## What is needed
Repeat the listing below in full and exactly. Pictures are to be omitted.

## Data segment
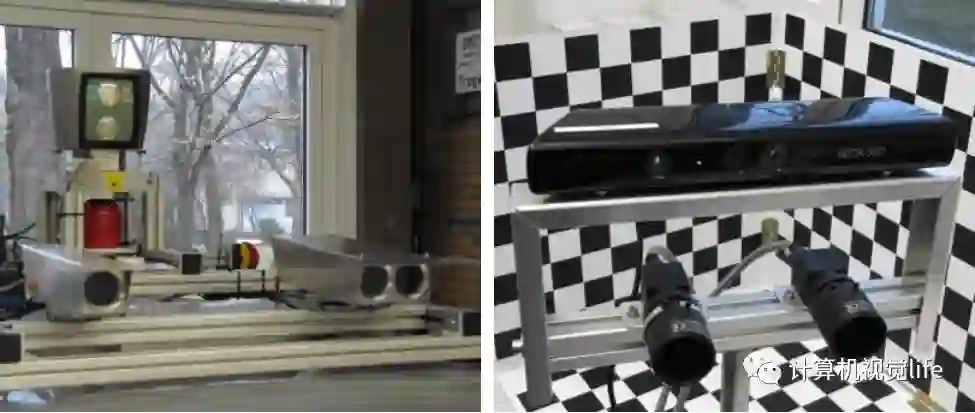 这里介绍一种可以实现全自动化对相机-相机、相机-距离传感器之间进行标定的方法,并且有论文和源码哦(见文末)!例如,该算法可以实现同时对三目相机 + 激光扫描仪(下图左)、双目相机 + Kinect (下图右)的标定。是不是觉得很赞!
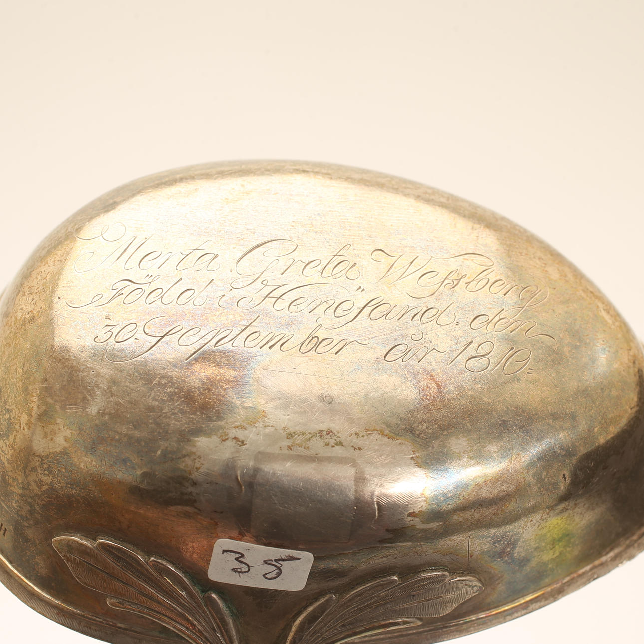 With inscription; “Merta Greta Wessberg Born in Härnösand on 30 September Year 1810". Length including shaft approx. 41 cm.
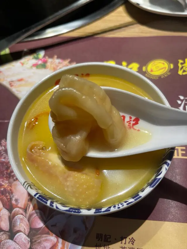 職員有禮~侍應即場將鮮雞和花膠放入預先熬好的特濃雞湯大滾,然後焗大概5分鐘左右就可以品嚐。每啖湯都充滿濃郁鮮雞味、雞肉剛好熟透、花膠黏口爽滑、放一陣就浮出一層薄薄的黃油在面,味道一流

## Output below
 这里介绍一种可以实现全自动化对相机-相机、相机-距离传感器之间进行标定的方法,并且有论文和源码哦(见文末)!例如,该算法可以实现同时对三目相机 + 激光扫描仪(下图左)、双目相机 + Kinect (下图右)的标定。是不是觉得很赞!
 With inscription; “Merta Greta Wessberg Born in Härnösand on 30 September Year 1810". Length including shaft approx. 41 cm.
 職員有禮~侍應即場將鮮雞和花膠放入預先熬好的特濃雞湯大滾,然後焗大概5分鐘左右就可以品嚐。每啖湯都充滿濃郁鮮雞味、雞肉剛好熟透、花膠黏口爽滑、放一陣就浮出一層薄薄的黃油在面,味道一流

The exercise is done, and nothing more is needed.